Não sei se André Mendonça conhece essa figura histórica espanhola. O fato do ministro ter feito suas teses de mestrado e doutorado (na área de Direito) na Universidade de Salamanca não significa que ele tenha profundo conhecimento sobre o regime simbolizado pela Águila de San Juan.

Mas voltemos ao Brasil.

Há uns dias o colunista do UOL Rubens Valente teve acesso a um estarrecedor dossiê produzido pela gestão bolsonarista no MJSP que, mais uma vez, apresenta características medonhas típicas de regimes de exceção. O Ministério da Justiça, comandando por André Mendonça, realizou uma "ação sigilosa" (leia-se inconstitucional, sem qualquer amparo ou supervisão judicial) que lista e monitora 579 policiais e professores que se assumem "antifascistas", para fins de inteligência.

Um deles é Paulo Sérgio Pinheiro, professor da USP e fundador do Núcleo de Estudos da Violência (NEV), que já foi secretário nacional de Direitos Humanos, membro da Comissão Nacional da Verdade, e docente na Brow University, Columbia University, Oxford e na prestigiada École des Hautes Études en Sciences Sociales, de Paris. Atualmente Pinheiro é relator da ONU para os Direitos Humanos na Síria.

Já me acostumei a dizer essa frase, mas… Você não leu errado. É exatamente isso.

O chefe da pasta responsável pela Polícia Federal, Polícia Rodoviária Federal e Força Nacional de Segurança produziu uma lista com nomes de policiais e professores que são críticos ao governo e ela foi distribuída a outros órgãos de segurança e inteligência, de outras esferas, como a Abin, o CIE (Exército) e o GSI, com a finalidade de vigiar e ficar no encalço desses cidadãos brasileiros que não cometeram nenhum crime e sequer devem explicações à Justiça sobre qualquer coisa.

Ninguém sabe se a inciativa partiu dele ou de Bolsonaro, mas o fato é que foi realizada sob a batuta do ministro.

Como todos veem, trata-se de arapongagem policialesca das mais barata, à margem do Estado Democrático de Direito, ferindo abertamente o artigo 5°, IV, da Constituição Federal, que assegura "livre manifestação do pensamento, vedado o anonimato". Perseguição estatal por razões puramente político-ideológicas.

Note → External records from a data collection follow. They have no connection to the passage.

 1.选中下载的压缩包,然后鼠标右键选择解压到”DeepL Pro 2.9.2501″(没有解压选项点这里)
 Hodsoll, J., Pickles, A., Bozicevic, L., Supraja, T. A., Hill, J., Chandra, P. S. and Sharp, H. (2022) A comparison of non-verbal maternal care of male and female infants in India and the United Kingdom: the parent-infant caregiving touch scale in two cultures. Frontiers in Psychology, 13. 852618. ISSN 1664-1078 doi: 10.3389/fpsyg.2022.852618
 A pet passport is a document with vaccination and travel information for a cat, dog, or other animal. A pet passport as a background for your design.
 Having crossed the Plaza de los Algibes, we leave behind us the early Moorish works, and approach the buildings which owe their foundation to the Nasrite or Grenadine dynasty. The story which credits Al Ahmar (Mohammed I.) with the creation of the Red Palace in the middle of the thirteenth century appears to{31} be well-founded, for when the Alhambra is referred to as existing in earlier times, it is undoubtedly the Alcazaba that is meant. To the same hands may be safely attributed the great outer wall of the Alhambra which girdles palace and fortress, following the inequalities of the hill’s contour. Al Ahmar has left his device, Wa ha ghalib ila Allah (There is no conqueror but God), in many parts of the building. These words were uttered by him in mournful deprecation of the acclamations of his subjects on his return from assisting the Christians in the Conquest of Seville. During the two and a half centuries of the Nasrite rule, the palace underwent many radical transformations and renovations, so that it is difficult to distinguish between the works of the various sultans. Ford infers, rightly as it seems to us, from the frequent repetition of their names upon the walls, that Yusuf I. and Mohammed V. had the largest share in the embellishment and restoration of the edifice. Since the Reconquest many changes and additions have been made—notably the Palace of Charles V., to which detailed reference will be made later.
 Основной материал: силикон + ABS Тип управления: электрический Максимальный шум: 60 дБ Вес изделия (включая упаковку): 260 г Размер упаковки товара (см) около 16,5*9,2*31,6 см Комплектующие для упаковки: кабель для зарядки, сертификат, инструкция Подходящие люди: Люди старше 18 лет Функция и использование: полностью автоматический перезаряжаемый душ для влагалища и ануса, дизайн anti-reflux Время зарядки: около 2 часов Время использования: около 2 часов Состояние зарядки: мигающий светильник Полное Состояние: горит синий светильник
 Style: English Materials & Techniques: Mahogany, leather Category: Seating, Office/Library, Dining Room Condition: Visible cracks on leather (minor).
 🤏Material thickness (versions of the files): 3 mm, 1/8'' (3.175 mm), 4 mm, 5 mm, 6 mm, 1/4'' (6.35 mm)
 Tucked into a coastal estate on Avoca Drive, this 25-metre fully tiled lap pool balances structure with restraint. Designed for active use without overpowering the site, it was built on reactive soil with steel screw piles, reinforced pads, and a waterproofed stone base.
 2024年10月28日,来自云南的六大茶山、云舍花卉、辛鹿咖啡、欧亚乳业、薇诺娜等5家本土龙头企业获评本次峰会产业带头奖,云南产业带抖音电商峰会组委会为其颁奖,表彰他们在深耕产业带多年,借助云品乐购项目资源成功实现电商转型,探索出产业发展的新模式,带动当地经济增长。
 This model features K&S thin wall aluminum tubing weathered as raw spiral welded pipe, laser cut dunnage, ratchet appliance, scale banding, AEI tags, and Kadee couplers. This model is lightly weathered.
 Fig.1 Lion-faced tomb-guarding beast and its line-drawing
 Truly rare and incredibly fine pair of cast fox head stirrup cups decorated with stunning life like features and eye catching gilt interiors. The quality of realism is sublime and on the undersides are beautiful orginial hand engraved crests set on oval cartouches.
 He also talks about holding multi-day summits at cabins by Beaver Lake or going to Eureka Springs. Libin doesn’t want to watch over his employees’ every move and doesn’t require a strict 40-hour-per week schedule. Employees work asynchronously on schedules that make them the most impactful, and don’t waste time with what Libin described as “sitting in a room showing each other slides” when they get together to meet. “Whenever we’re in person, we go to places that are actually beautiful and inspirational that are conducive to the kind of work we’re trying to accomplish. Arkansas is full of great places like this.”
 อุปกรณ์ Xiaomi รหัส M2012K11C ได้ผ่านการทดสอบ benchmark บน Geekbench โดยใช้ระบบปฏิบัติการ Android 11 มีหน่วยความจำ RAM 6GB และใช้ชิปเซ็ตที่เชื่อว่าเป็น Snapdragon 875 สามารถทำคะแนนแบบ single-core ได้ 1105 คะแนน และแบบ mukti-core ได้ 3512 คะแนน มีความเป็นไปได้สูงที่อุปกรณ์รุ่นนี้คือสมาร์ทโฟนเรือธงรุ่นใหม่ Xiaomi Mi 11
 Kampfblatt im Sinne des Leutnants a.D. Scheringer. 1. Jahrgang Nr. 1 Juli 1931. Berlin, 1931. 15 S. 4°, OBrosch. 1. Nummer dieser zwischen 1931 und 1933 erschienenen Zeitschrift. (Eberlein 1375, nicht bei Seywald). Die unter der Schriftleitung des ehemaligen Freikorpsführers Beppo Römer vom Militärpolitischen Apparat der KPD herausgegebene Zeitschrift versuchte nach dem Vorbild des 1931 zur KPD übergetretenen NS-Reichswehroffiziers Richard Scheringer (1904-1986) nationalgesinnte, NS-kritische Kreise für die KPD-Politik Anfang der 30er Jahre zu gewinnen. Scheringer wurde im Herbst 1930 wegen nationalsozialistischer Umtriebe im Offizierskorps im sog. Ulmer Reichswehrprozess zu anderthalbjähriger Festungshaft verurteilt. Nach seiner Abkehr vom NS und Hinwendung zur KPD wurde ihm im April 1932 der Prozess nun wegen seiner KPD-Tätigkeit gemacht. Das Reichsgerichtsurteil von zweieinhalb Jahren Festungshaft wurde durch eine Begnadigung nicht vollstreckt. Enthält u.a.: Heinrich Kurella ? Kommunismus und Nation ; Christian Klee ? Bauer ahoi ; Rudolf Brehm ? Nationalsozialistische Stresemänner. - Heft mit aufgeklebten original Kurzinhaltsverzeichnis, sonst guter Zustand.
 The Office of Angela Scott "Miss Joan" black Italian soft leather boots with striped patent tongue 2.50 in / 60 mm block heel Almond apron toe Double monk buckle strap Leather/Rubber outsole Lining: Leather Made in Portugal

Ainda que o Bolsonarismo vista apetrechos de vários regimes ditatoriais do passado, o submisso ministro da Justiça e Segurança Pública procura ganhar terreno como o supermeganha inquisidor, assemelhando-se a Arias Navarro, chefe da famigerada DGS de Franco, na Espanha.

Se começarmos a perceber com mais atenção a fauna do governo Bolsonaro, aparecerão mais coisas comuns ao regime de Franco. E eu não falo só da fervorosa interferência religiosa nos assuntos do Estado e do isolacionismo puritano e hipócrita pregado por ambos.

O Bolsonarismo já tem até o seu jornalista (sic) oficial(ista), o narrador da psicose verde-amarela, como foi Emilio Romero Gómez, cínico cronista oficial da maravilhosa ditadura de Franco. Alexandre Garcia, porta-voz de João Batista Figueiredo, último ditador do Brasil, que é um reacionário fervoroso, de língua ferina, já tem feito isso nos últimos tempos.

Se continuarmos assim, em pouco tempo só nos faltarão as touradas e o hábito de comer chouriço diariamente, uma vez que os mecanismos de controle ideológico dos cidadãos, ao que tudo indica, parecem já estar a todo vapor por aqui.


*Henrique Rodrigues é jornalista e professor de Literatura Brasileira.